N.M. Admin. Code § 19.2.100.68 - AMENDMENT OF LEASE TO LOWER ROYALTY RATE FOR OIL WELLS UNDER CERTAIN CONDITIONS
A. Purpose
- eligibility: The records owner of an oil and gas lease issued by the
commissioner of public lands whose lease is maintained in good standing
according to the terms and conditions of the lease and all applicable statutes
and regulations, may apply to the commissioner for an amendment to the lease
for the purpose of changing the royalty rate on oil produced from a specified
oil well. Any well that produces on a lease basis or as a communitized or
unitized property is eligible for the lower rate. Multiple wells from the same
lease, communitization or unit may be submitted for approval under one
application. Communitized or unit wells must qualify individually for the lower
royalty rate.
B. Application,
requirements, and information to be furnished. An application for a change in
royalty rate shall be on a form prescribed by the commissioner and shall be
accompanied by the application fee as set forth in the schedule of fees. For
each oil well, the application shall:
(1)
show that the oil well has produced oil attributable to a communitization, unit
or lease premises, and:
(a) if the production
is from formations shallower than 5,000 feet, has produced less than an average
of three barrels of oil per day during the preceding 12 months and has not
averaged over five barrels per day for any month during the preceding 12
months; or
(b) if the production is
from formations 5,000 feet deep or deeper, has produced less than an average of
six barrels of oil per day during the preceding 12 months and has not averaged
over 10 barrels of oil per day for any month during the preceding 12 months;
and
(2) include a
statement that to the best of the applicant's knowledge and experience the well
is not capable of sustained production limits specified in Paragraph (1) of
this Subsection.
(3) provide data
and describe efforts to:
(a) negotiate lower
rates paid to other royalty owners and overriding royalty owners in the oil
well; and
(b) minimize the costs of
operating the well; and
(4) include any other fact which may justify
a lower royalty rate.
C.
Commissioners approval. Upon receipt of an application, the commissioner shall
review the information submitted as well as other, independent information
obtained by the commissioner and shall agree to amend the lease to a lower
royalty rate for oil produced from the oil well if, in the commissioner's sole
discretion, the commissioner finds that:
(1)
the operator has taken reasonable steps to minimize the operator's costs of
operating the oil well;
(2) the oil
well will likely be plugged and abandoned in the near future, with a resulting
loss of reserves, if operating costs are not reduced further;
(3) the oil well will produce for a longer
period, and the amount of oil produced will ultimately be larger, if the
royalty rate is lowered; and
(4) a
lower royalty rate will actually maximize revenue to the trust
beneficiaries.
D.
Applicable royalty rate, effective date. The lower royalty rate agreed to under
this Section shall be equal to five percent and, except as provided in
Subsection G of this Section, shall be valid for a period of three years, after
which time the record owner of the oil and gas lease may submit a written
request for an extension which, if approved pursuant to Subsection C of this
Section, shall be valid for an additional three year term.

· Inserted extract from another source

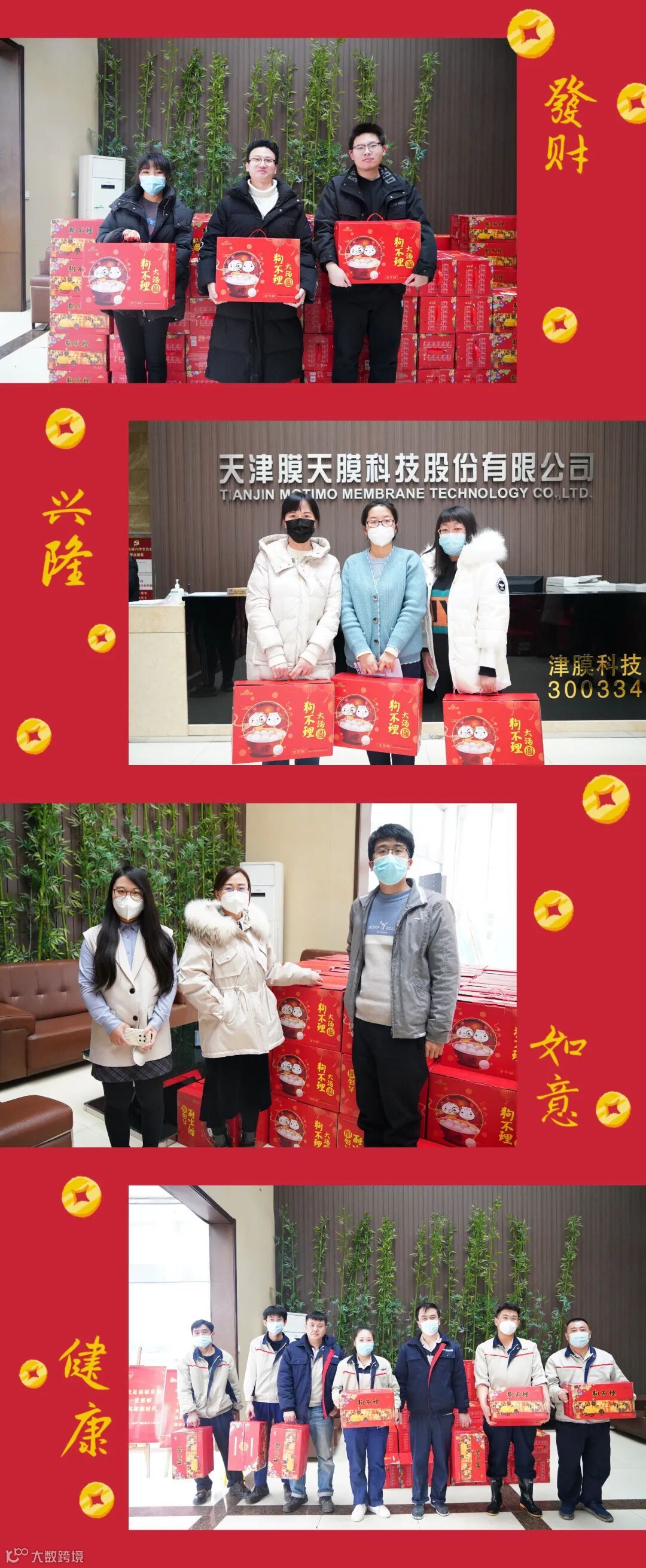 为切实落实好春节慰问工作,津膜科技工会精心组织、周密筹划,为每位员工发放了狗不理面食大礼盒和汤圆大礼盒,传达公司工会的体贴和关怀,鼓励员工以昂扬的斗志开启2023年工作的新征程。
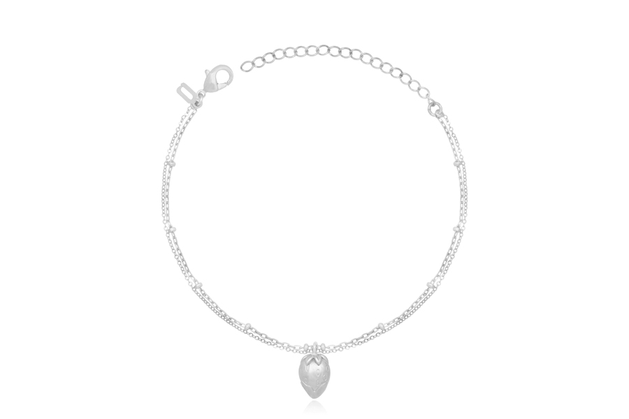 PULSEIRA BANHADA EM PRATA LEVE, ELO VENEZIANA LONGA 1,50mm LARGURA, 3 FIOS, EXTENSOR 5cm COMPRIMENTO, PONTO DE LUZ 5mm E CORAÇÃO 9mm LARGURA

E. Accounting and reporting of oil royalties.
Production, royalties and taxes for oil produced from any well for which a
lower royalty rate has been granted under this Section shall be reported
separately from other oil wells, under the PUN-lease business rules of the oil
and gas royalty filer's kit utilized by the oil and natural gas administration
and revenue database (ONGARD) system.
F. Form of application. Applications for a
lower royalty rate under this Section shall be submitted on a form provided by
the commissioner.
G. Termination of
lower rate. The effective period for a lower royalty rate, approved pursuant to
this Section, shall terminate and the royalty rate specified in the lease shall
be applicable if the commissioner determines, in the commissioner's sole
discretion, that the oil production has significantly increased through well
workover, recompletion or other means, so that the well would no longer qualify
on an annual basis for a lower royalty rate.